Handcrafted wooden abacus with glowing LED tokens

How to Track AI Token Costs in Real Time

Posted by:

Oscar Serra

On:

March 22, 2026

Your $200 AI session happened because you couldn’t see it happening.

Claude Opus: $15 per million input, $75 per million output. GPT-4: roughly the same ballpark. A deep coding session with a large context window can quietly cost more than your lunch. The problem isn’t the pricing — it’s the zero visibility.
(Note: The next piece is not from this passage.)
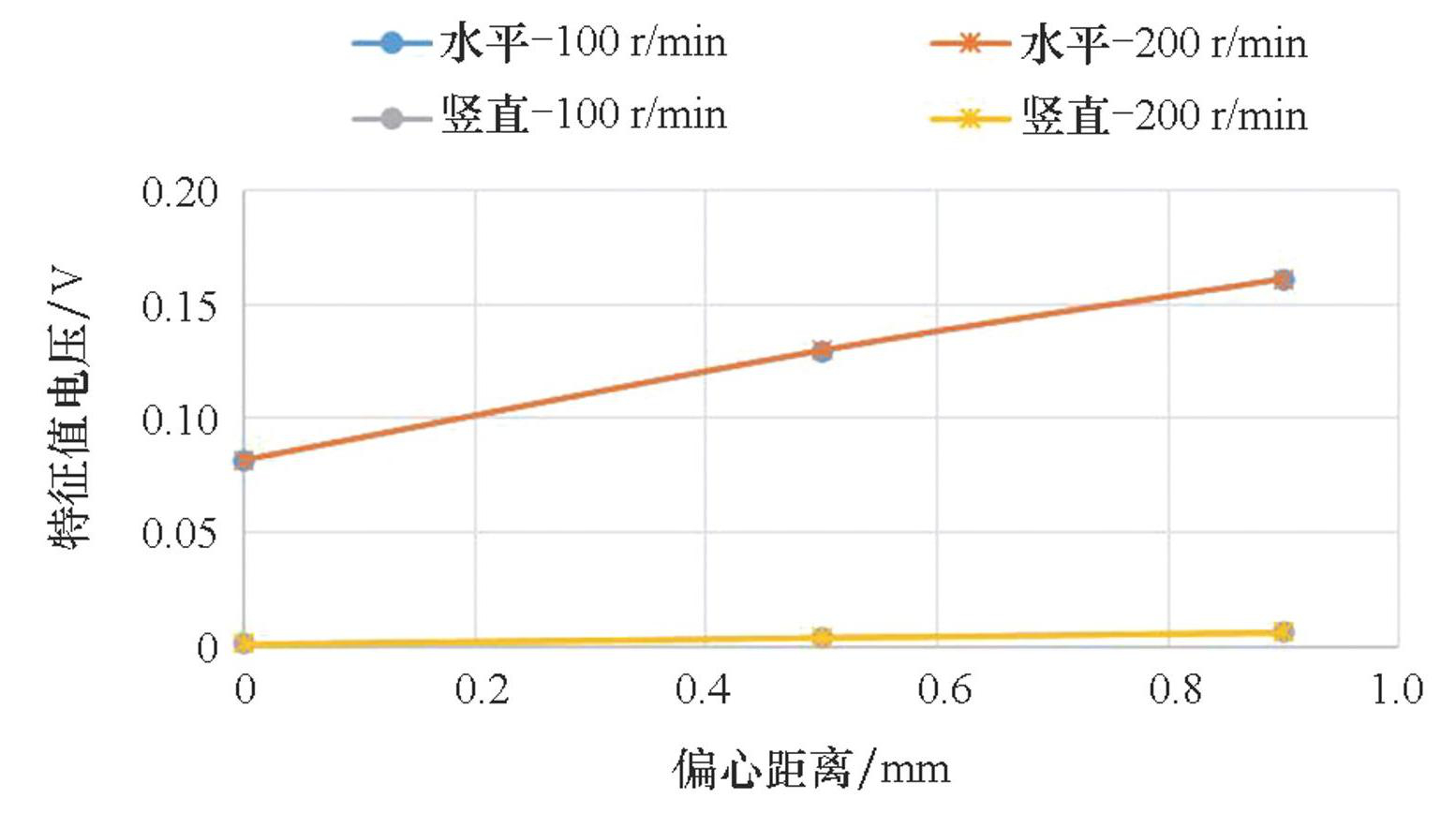 分别在100 r/min和200 r/min空载两种工况下开展不同偏心度的静偏心模拟实验,得到水平和竖直两个方向的特征值电压如图11所示。
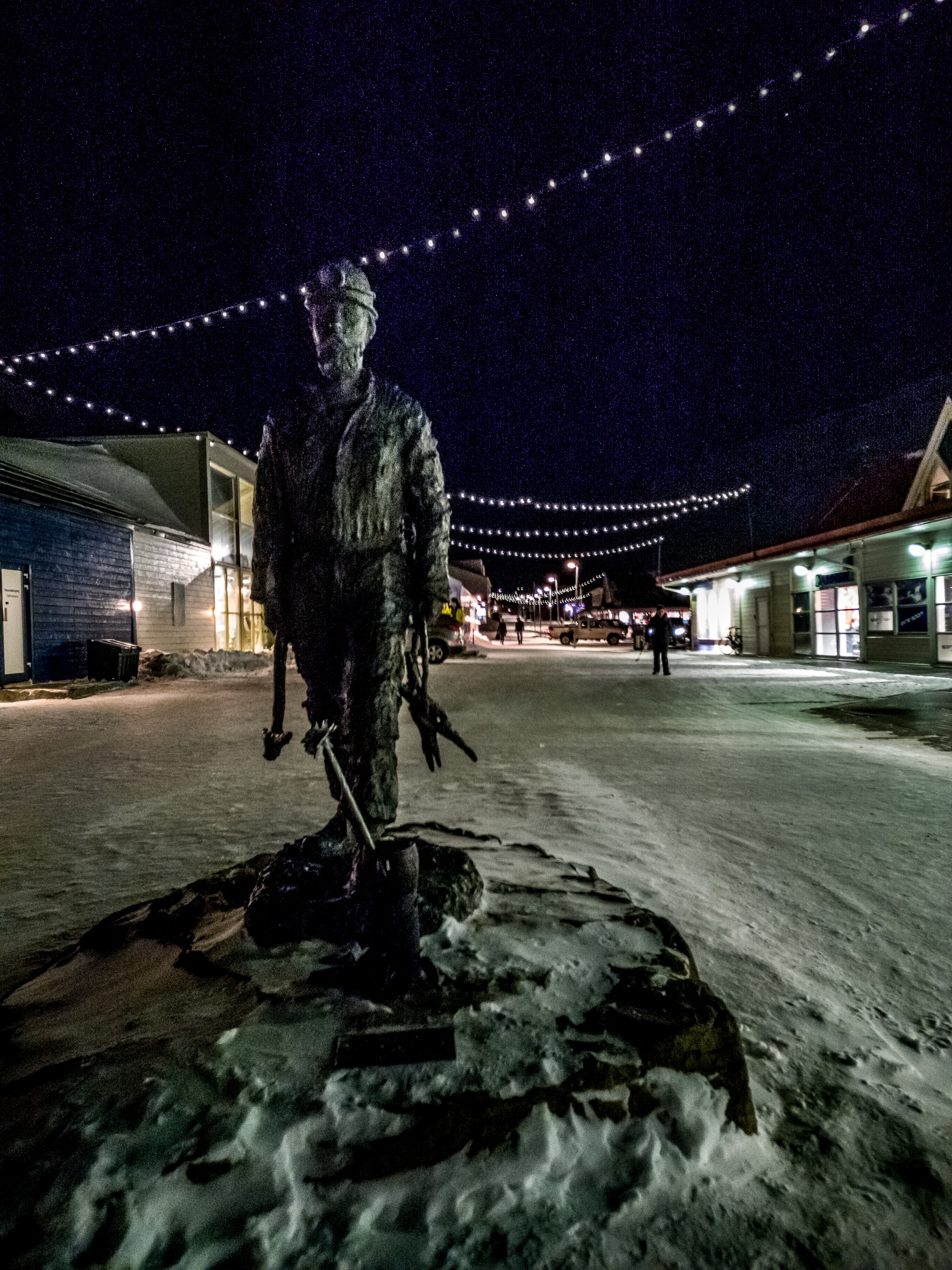 Quelqu’un qui apprécie la nuit polaire, c’est Jan le guide. Sur le chemin du retour, ayant finalement réussi à rejoindre le reste du groupe, j’en ai profité pour faire la causette. Jan est un habitué du milieu polaire, son champ d’étude se portant sur ce milieu précis. Et lui, il aime bien cette période de l’année avec ses lumières multicolores qui égaient la ville, la lueur chaude des fenêtres, la danse des aurores… C’est aussi une période beaucoup plus calme, où on se retrouve « entre soi » et où on est plus attentif à soi et aux autres car il faut affronter le long hiver. Finalement, c’est l’été qui est plus dur à gérer, avec la lumière 24h/24, tout le monde est en mode hyperactif, n oa des difficultés à dormir et cela crée un drôle de mélange.

What Token Tracking Actually Means

Token tracking isn’t just logging how many tokens you used after the fact. Real-time tracking means seeing, while the conversation is happening:

Context window composition — How much of your input is system prompt vs conversation history vs actual task?
Response cost breakdown — Which model responded, how many tokens, what did that specific response cost?
Per-provider tracking — When you switch between Claude and GPT mid-session, where did the money go?
Budget alerts — Know before you hit your limit, not after.

How TinkerClaw Does It

Tinker UI — our real-time dashboard — shows token data as treemaps. You see your context window as colored blocks: system prompt in one color, conversation history in another, tool results in a third. The proportions shift with every message.

The response treemap does the same for output: model used, token count, cost, latency. All live. No refreshing, no waiting for a billing dashboard the next morning.

Practical Cost Reduction Strategies

Cut your system prompt. We went from 23.5KB to 12KB without losing capability. Every byte saved is money saved on every message.
Route by task. Heartbeats on Haiku ($0.25/M), not Opus ($15/M). That’s a 60x cost difference for the same result.
Set budget pressure thresholds. Above 85% weekly spend, cap at Sonnet. Above 95%, drop to Haiku. Automatic, no surprises.
Use flat-rate models for automated work. Cron jobs, background tasks, self-improvement loops — all flat-rate. Metered models only for interactive sessions.